→ **Data excerpts**
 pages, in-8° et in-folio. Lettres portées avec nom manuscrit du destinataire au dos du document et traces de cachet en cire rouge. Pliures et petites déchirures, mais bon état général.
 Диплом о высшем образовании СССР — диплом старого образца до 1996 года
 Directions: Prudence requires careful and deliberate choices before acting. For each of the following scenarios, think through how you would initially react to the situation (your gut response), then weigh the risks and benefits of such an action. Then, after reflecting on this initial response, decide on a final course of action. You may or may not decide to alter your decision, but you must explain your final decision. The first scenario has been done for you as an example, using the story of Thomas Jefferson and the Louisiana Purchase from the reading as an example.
...
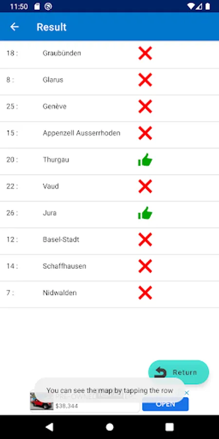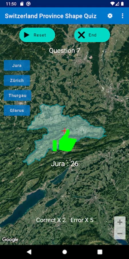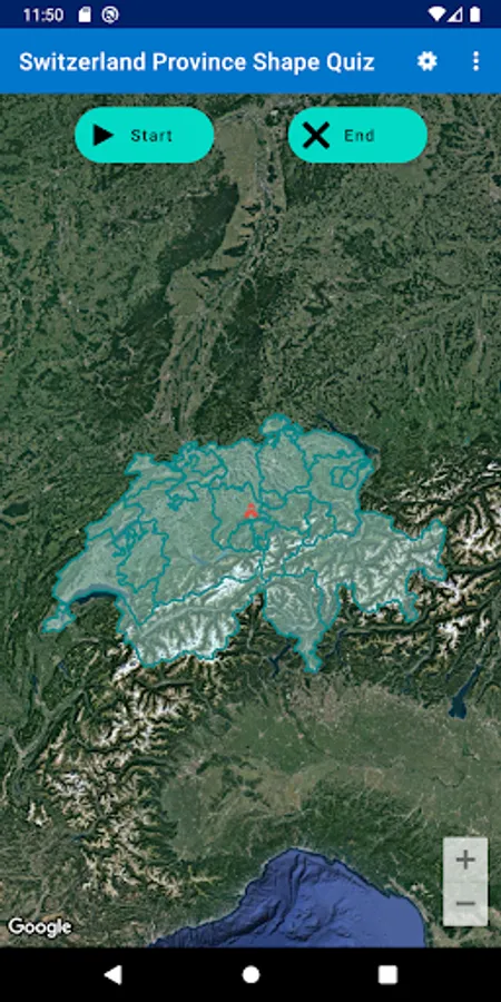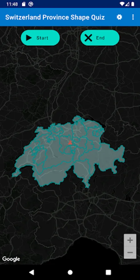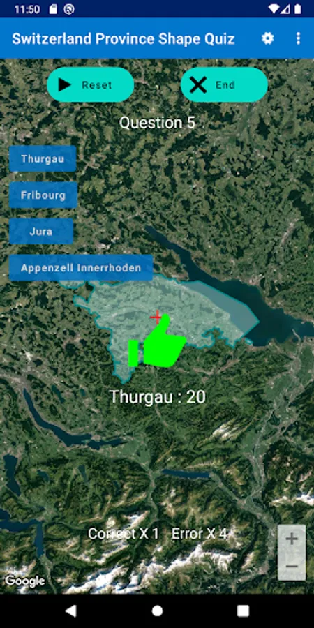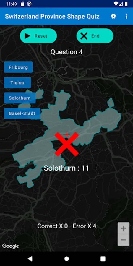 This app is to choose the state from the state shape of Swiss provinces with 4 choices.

→ **Task objective**
Copy out the lines above exactly, beginning at the one that contains "pages, in-8° et" and ending at the one that contains "Directions: Prudence requires".

→ **Answer to this exercise**
 pages, in-8° et in-folio. Lettres portées avec nom manuscrit du destinataire au dos du document et traces de cachet en cire rouge. Pliures et petites déchirures, mais bon état général.
 Диплом о высшем образовании СССР — диплом старого образца до 1996 года
 Directions: Prudence requires careful and deliberate choices before acting. For each of the following scenarios, think through how you would initially react to the situation (your gut response), then weigh the risks and benefits of such an action. Then, after reflecting on this initial response, decide on a final course of action. You may or may not decide to alter your decision, but you must explain your final decision. The first scenario has been done for you as an example, using the story of Thomas Jefferson and the Louisiana Purchase from the reading as an example.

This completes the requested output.